Religion has a different way of understanding phenomena. Religious “method” goes more like this:
Someone noticed something in nature, mulled it over and, without the availability of deeper knowledge, surmised, “This must have happened because the Wind God was perturbed,” and then created a story to explain what they’d experienced and what they’d thought about it. Having been an engaging story it was repeated over and over until it became ingrained in the basic lore of a culture.
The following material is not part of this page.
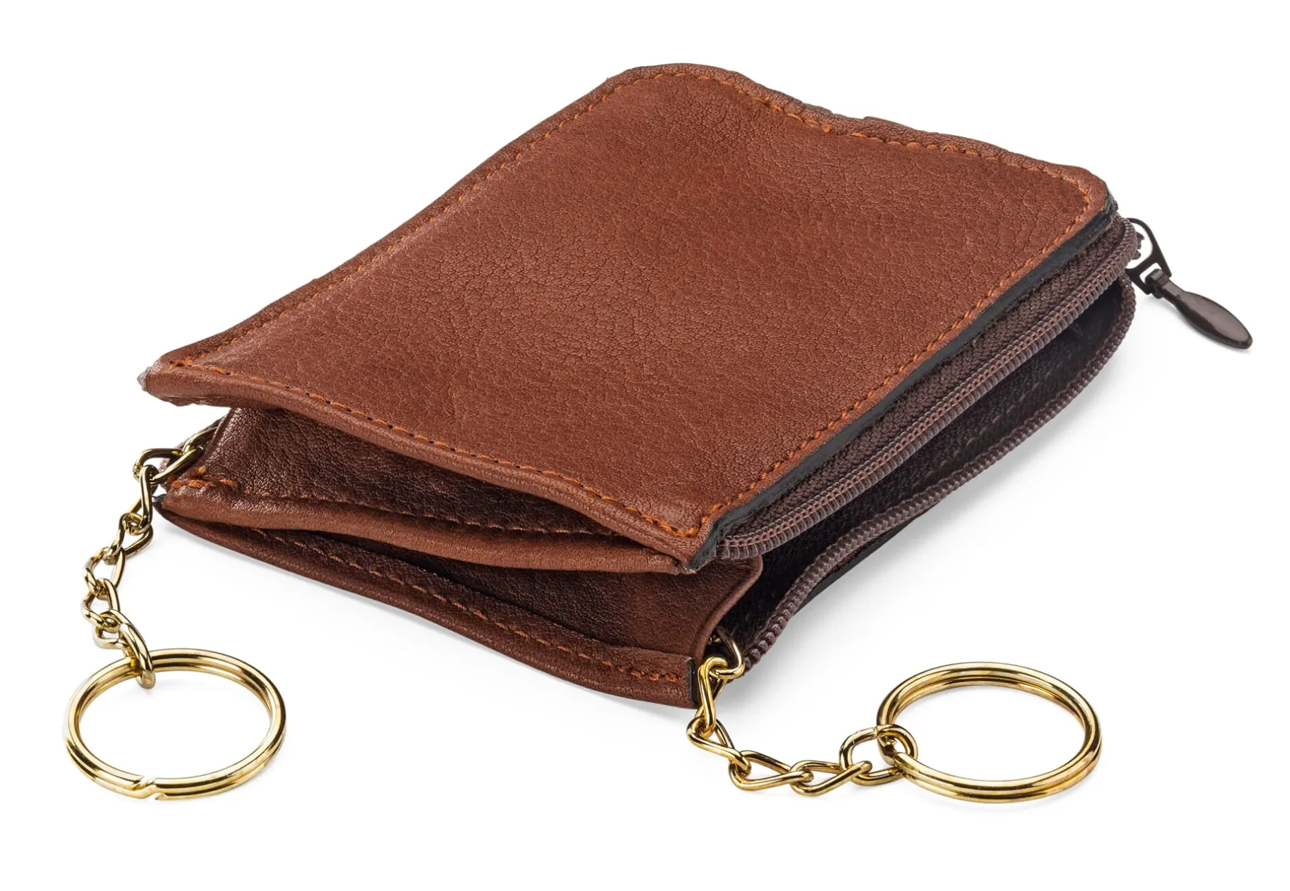 Rindleder (Stärke 1,5 mm), vegetabil gegerbt, Herkunft Deutschland. Farbe Braun. Mit je zwei Schlüsselringen und -ketten aus Messing. Reißverschluss Kunststoff. Hergestellt in Deutschland.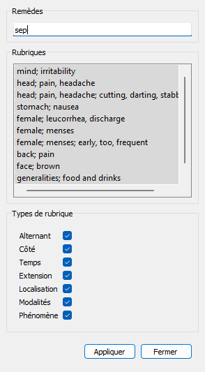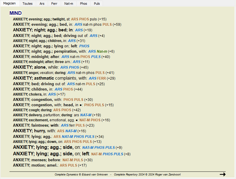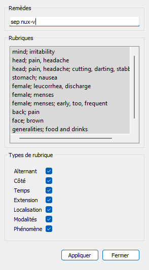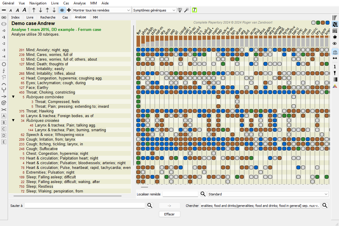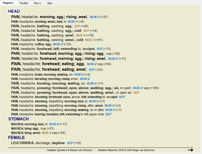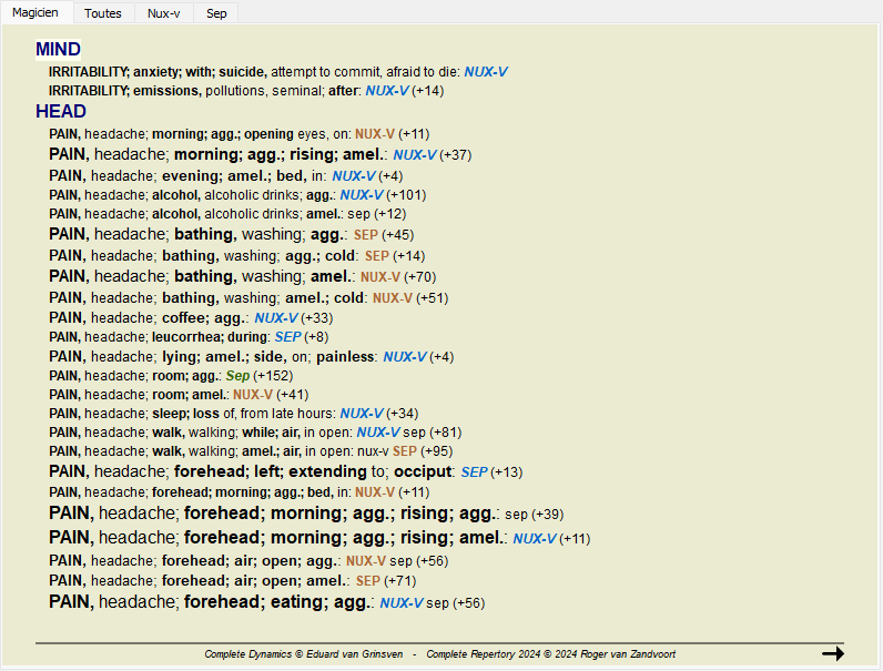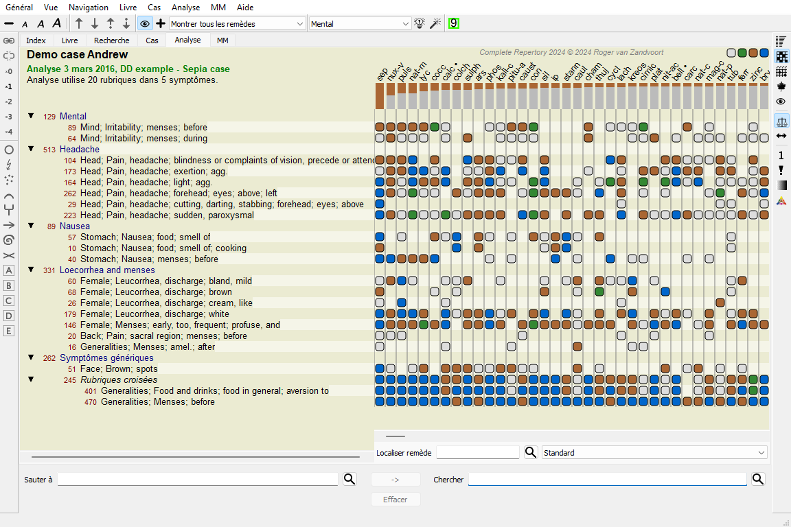Bien que Sepia est le plus élevé dans le résultat de l'analyse, cela ne signifie pas nécessairement qu'il est le remède à prescrire. Dans ce cas, nous avons voulu différencier Sepia et Nux Vomica, parce que ces remèdes sont complémentaires, et les deux sont bien élevés dans l'analyse.

Finally, many of these stories have been accepted, by men, as divine revelation, written down and included in a literary collections as set down by God and deemed irrefutable.
The scientific method has produced advanced medicine, HDTV, bullet trains, pain-free dentistry, air travel, nuclear weapons, IEDs, diabolical instruments of torture, global warming, fracking, and Fukushima.
From religion has come great inspirational art and literature, principles of love, charity, sacrifice, guidelines to social behavior, shamanic medicine, the subjugation of women, diabolical rationales for torture, merciless exclusivity, inquisitions, jihads and convenient moralities sanctioned by gods.
But the problem with equating scripture with science goes beyond the truth of Evolution or Genesis. The problem is that when non-fact-based reality is not only accepted in one sphere but allowed to infect politics it nudges out fact-based reality. A statement made to journalist Ron Suskind by an aide in the G.W. Bush administration illustrates this.
The aide said, “(the) ‘reality-based community’ consists of people who believe that solutions emerge from your judicious study of discernible reality. We’re an empire now (he might as well have said “church”),” he continued, “and when we act, we create our own reality.” With this kind of non-fact-based invention we wind up with a kind of chaos of magical thinking wherein nothing must be examined and validated. We wind up with sound-bite news and party-sanctioned sets of facts, none of which must be proofed.
The famous pamphleteer of the American revolution, Thomas Paine, said that “To argue with a person who has renounced the use of reason is like administering medicine to the dead.”
If you need confirmation of the truth of Paine’s remark check out the Ham on Nye debate. The debater’s answer to the last question put it all in a nutshell:
“What, if anything, would ever change your mind,” the moderator asked?
Ham, The Non-Science Guy said, “Nothing.”
“Just one piece of evidence,” said Bill Nye, The Science Guy.